Test of MRS tracking/pid

From: Peter H. L. Christiansen (pchristi@nbi.dk)
Date: Wed Jun 19 2002 - 13:32:43 EDT

  • Next message: Andrey Makeev: "Re:"

    Hi
    
    I have tried to look a bit at the different steps in the data selection in 
    the MRS for run 5692 (90 deg. 350A) :
    
    The idea was to try and find out where there could be some big 
    efficiency problems, i.e., set some rough limits.
    
    What I did was to look at the number of tracks per abs(vtxZ)<15 trigger 6 
    event with some additional cuts. The summary plots can be seen at :
    http://www.nbi.dk/~pchristi/BRAHMS/SPECTRA/mrs.html
    
    The 2 plots are :
    plot 1 = average tracks pr event accepted in TPM1, TPM2, MRS, (TEST), 
    STATUS, TOF, PID
    TEST means momentum cut where applicaple, STATUS means require status == 
    1, TOF means require valid tof hit, PID means vtx cut, dy cut, slat cut, 
    mass2 cut
    
    plot 2 = comparison of cuts (both axis are cuts) so the diagonal shows how 
    many events that cut rejected and the off diagonal shows the correlation 
    with other cuts.
    
    if 4 bins (vtx cut elipse, tof dy<3cm, tof slat (max 1), mass2 cut (no p 
    dependence)  
    if 5 bins (vtx y cut, vtx z cut, tof dy<3cm, tof slat (max 1), mass2 cut
    (no p dependence)
    
    When I compare 5% central with 10-20% central I find that the number of 
    good tracks pr TPM2 track is constant (0.32+-1%) for both settings so that 
    once you have a TPM2 track the rest is indpendent of centrality. If I 
    compare the ratio between TPM2 tracks in the 2 settings I get :
    0.544/0.869 = 0.626
    which is very close to the ratio of our published dN/deta = 377/625 = 
    0.603 leaving room only for a small (~5%) centrality dependece on the 
    number of TPM2 tracks (=yield) between 10-20 and 0-5 % centrality bins. 

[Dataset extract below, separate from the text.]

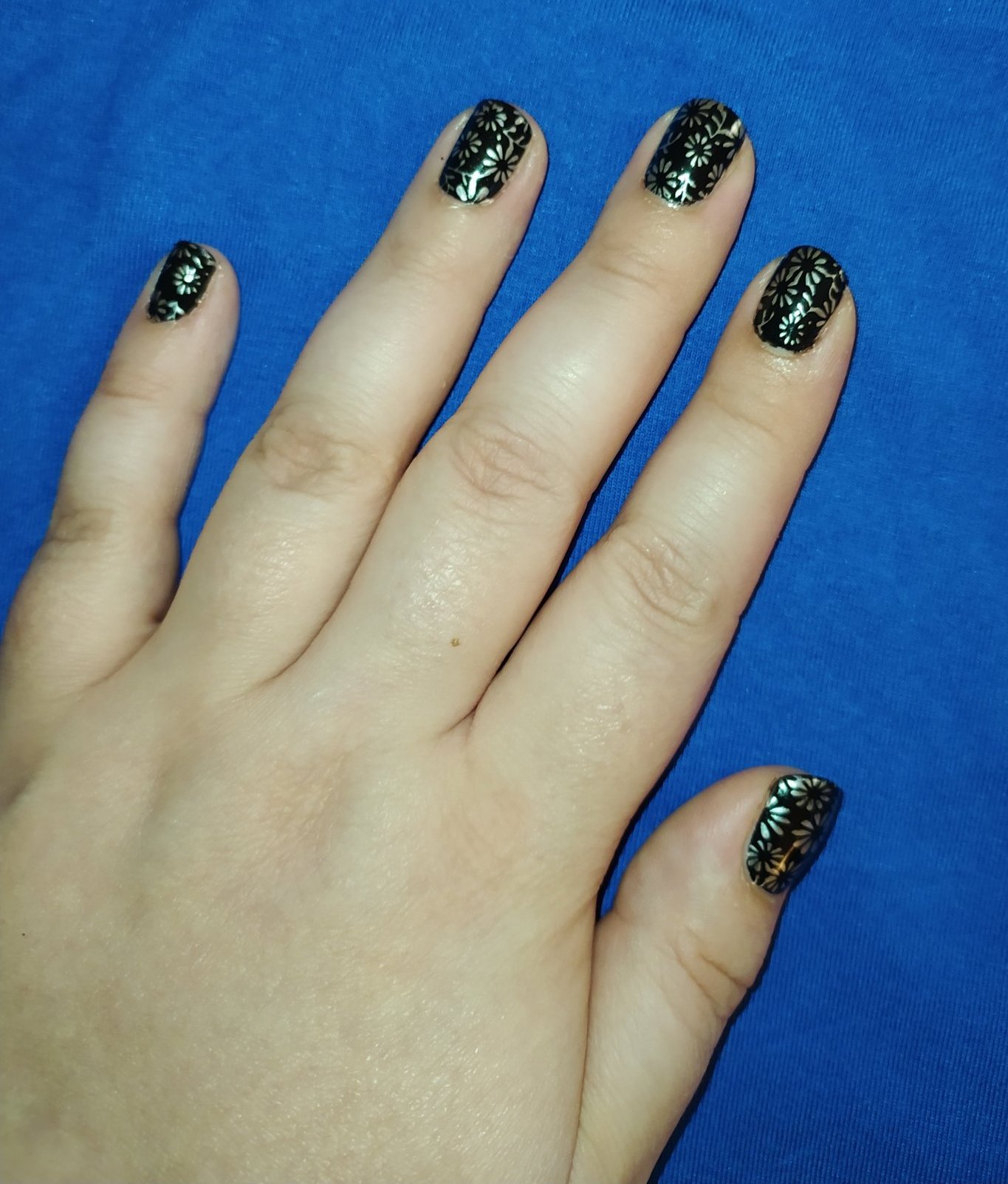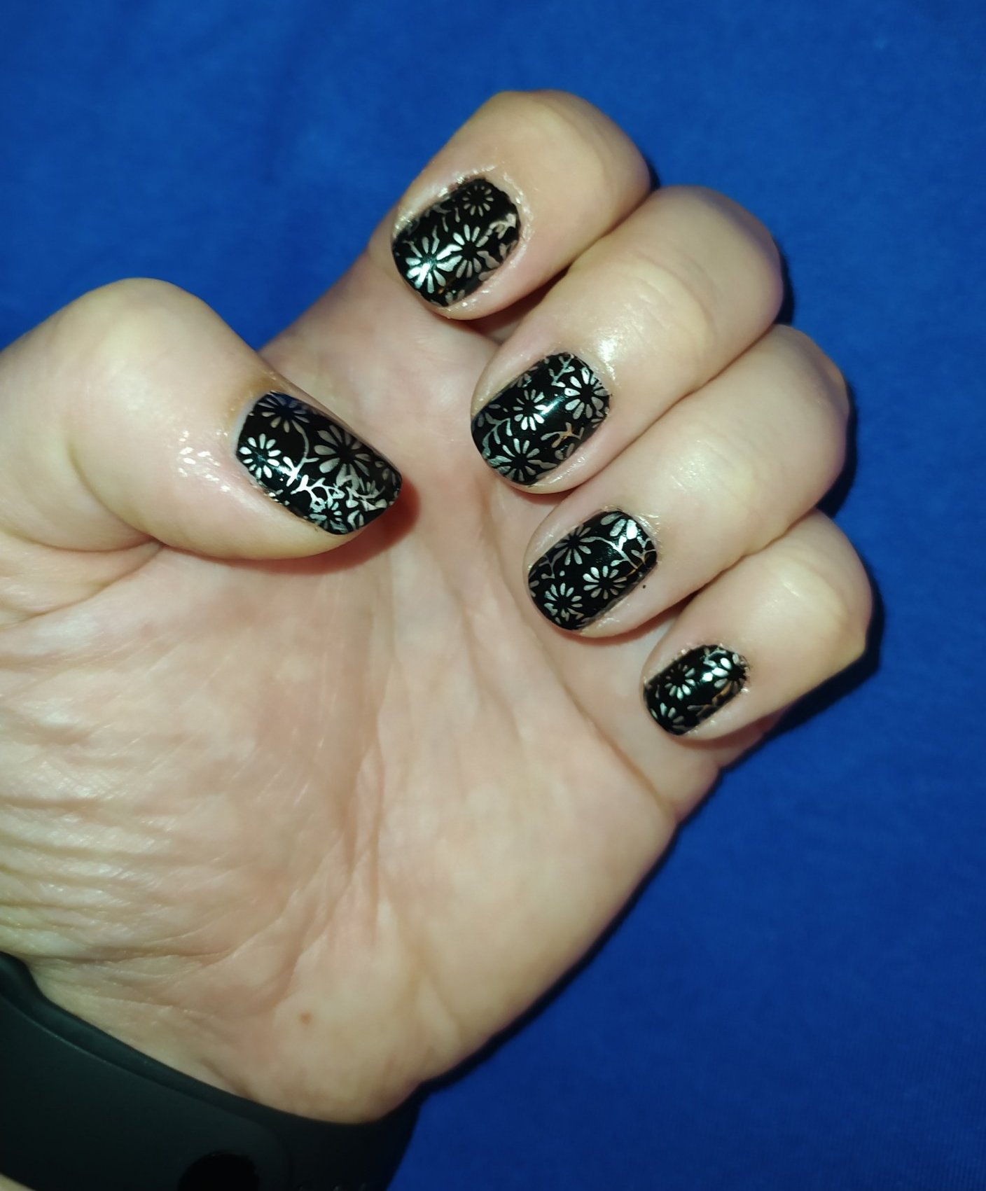 Печатът е с един стар лак GR Color Expert, по-скоро е розов а не сребрист, но на снимките не личи особено. Хубав и покривен е, но рядко го слагам понеже супер бързо се изтрива от връхчетата на ноктите. За печат обаче се оказа страхотен, както вече се е и сгъстил леко че е старичък.

    In general there is a big loss going from TPM2 to good tracks, only 32% 
    are good tracks.
    
    The steps are as follows :
    TPM2 to MRS   : 0.8688 -> 0.4971 = 43 % loss
    Is that ok ?
    
    MRS to Status : 0.4971 -> 0.3821 = 23 % loss
    Only 5% is not a very severe fiducial cut (1 cm = geometrical 20%) that 
    will be changed. The last 5% is almost all a status cut which means the 
    difference between a 4 and a 5 sigma cut. Is this momentum dependent ? 
    
    Status to TOF : 0.3821 -> 0.3369 = 12 % loss (missing slats ~ 2%)

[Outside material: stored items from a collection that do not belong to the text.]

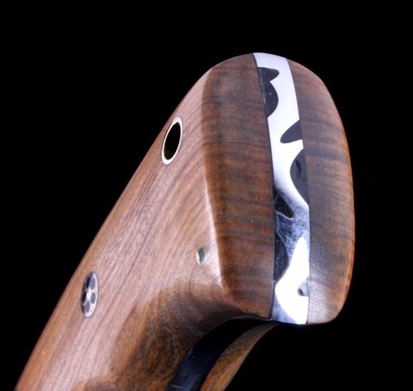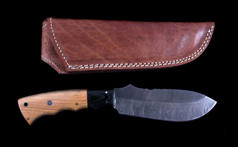 The lot features a hand forged and folded authentic Damascus steel blade. This is a CFK Cutlery Company custom hand made in the USA knife. The knife has an olive wood handle. The knife is a one of a kind uniquely created piece in very good condition. The piece also has very rare Vine File Work around the spine of the handle and blade all done by hand. The blade shows a hand forged folded 512 Layer Twist (1095HC/15N20) Damascus Steel. The knife is in good, unused condition. The knife measures 10" with a 5" blade.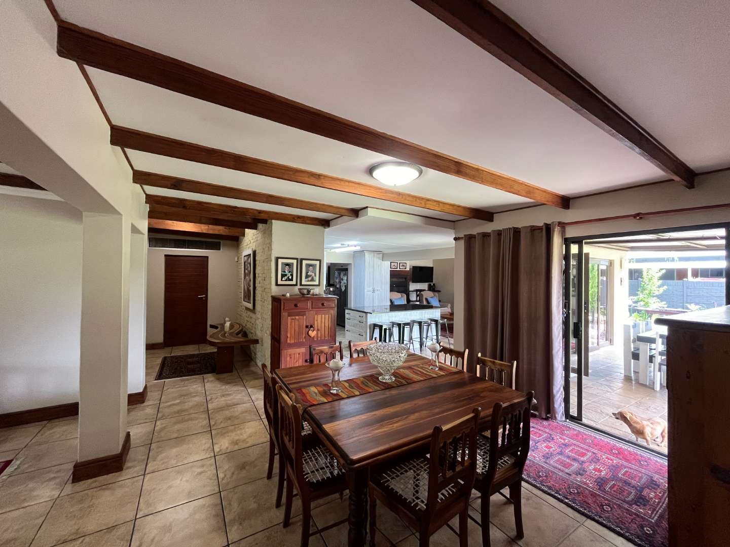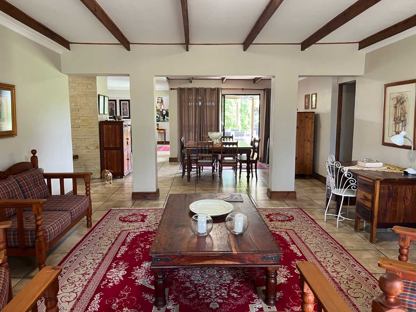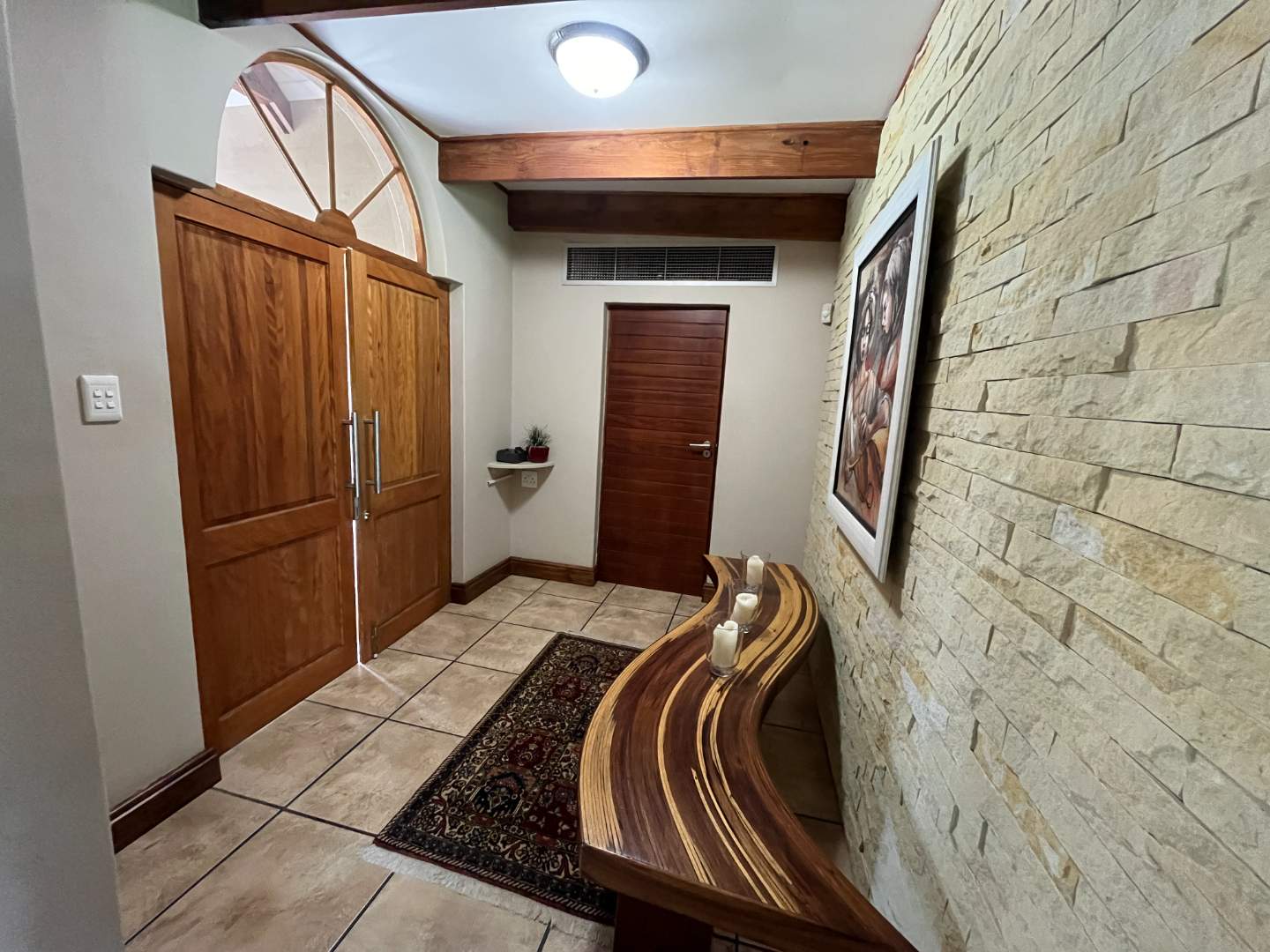A striking large wooden front door welcomes you into an impressive entrance hall, setting the tone for the elegant interiors that follow. The home boasts expansive open-plan living spaces, including a sophisticated lounge, dining area, and a spacious TV/family room with built-in braai, designed for effortless entertaining and relaxed family living.
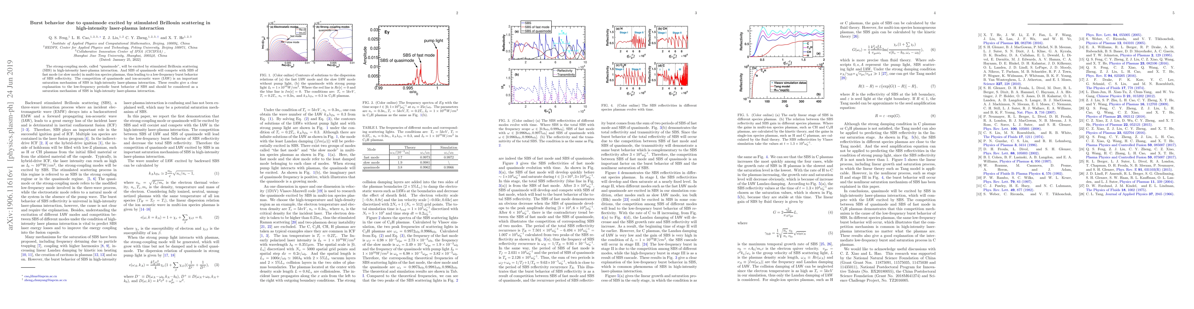 This paper investigates the excitation of quasimodes in high-intensity laser-plasma interactions via stimulated Brillouin scattering (SBS), revealing a low-frequency burst behavior due to competition between quasimode and fast/slow modes. The findings provide insight into the saturation mechanism of SBS in such interactions.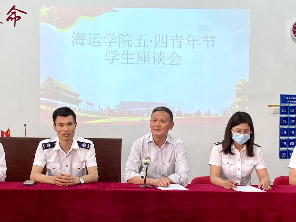 (海运学院供稿)5月5日下午,海运学院在航海楼512室召开五·四青年节学生座谈会,海运学院党委施斌书记,副书记林少栋老师,中队长何淋、张春艳、吴成结、陈岸斌等老师以及海运学院六十多名青年大学生代表参加了座谈会。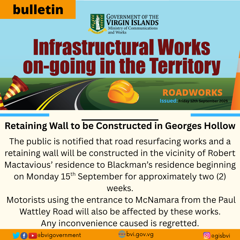 The public is notified that road resurfacing works and a retaining wall will be constructed in the vicinity of Robert Mactavious’ residence to Blackman’s residence beginning on Monday 15th September for approximately two (2) weeks.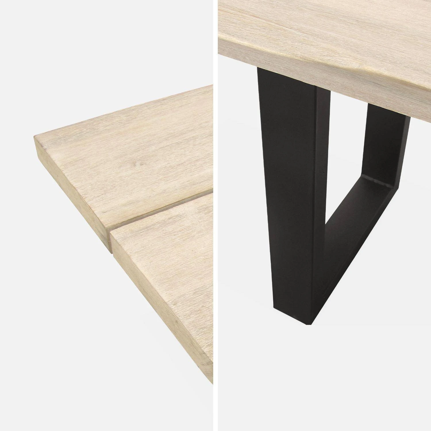 Le plateau de la table est en acacia, un bois solide. En plus, il est certifié 100% FSC ce qui veut dire qu’il garantit le respect de l’environnement et de la gestion durable des forêts. Le piètement traîneau apporte stabilité et résistance à la structure. Il est en acier galvanisé.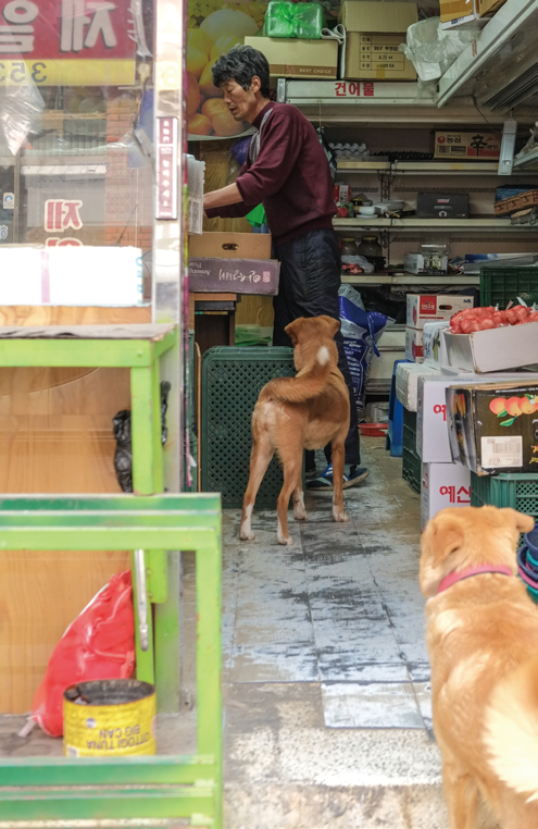 Thanks to the people, I've been confused for a while. When I arrive in an unfamiliar city, I think my situation is similar to the dogs in the neighborhood. You have to look around and meet kind people. There is always a need for delicious food and a safe place to sleep. I see dogs surprised by my small movements, and I feel that I must be nervous. Thanks to the two dogs I met at the market, my friend and I could walk farther and farther away.

    Geometry would suggest some amount like 5% ? The rest is hard to 
    understand. Is there a momentum dependence ?
    
    Tof to Good   : 0.3369 -> 0.2797 = 17% loss
    Almost entirely due to vertex cut, see below 
    
    Ian suggested that I made a test with different momentum cuts. The biggest 
    difference from these tests are the vertex cut. Before I turn to this let 
    me just mention that the difference between the status cuts for 0.3-0.6 
    amd 1.2-1.5 is only 2 % so there could be an effect (there likely is) but 
    it is small.
    A big effect 10 % is the vertex cuts see the pictures. There are 2 reasons 
    for a large difference. The ok one is that the background should be bigger 
    at low p. The not so ok is that our tracks could be worse determined at 
    low p because of multiple scatterings and so the cuts are stricter there.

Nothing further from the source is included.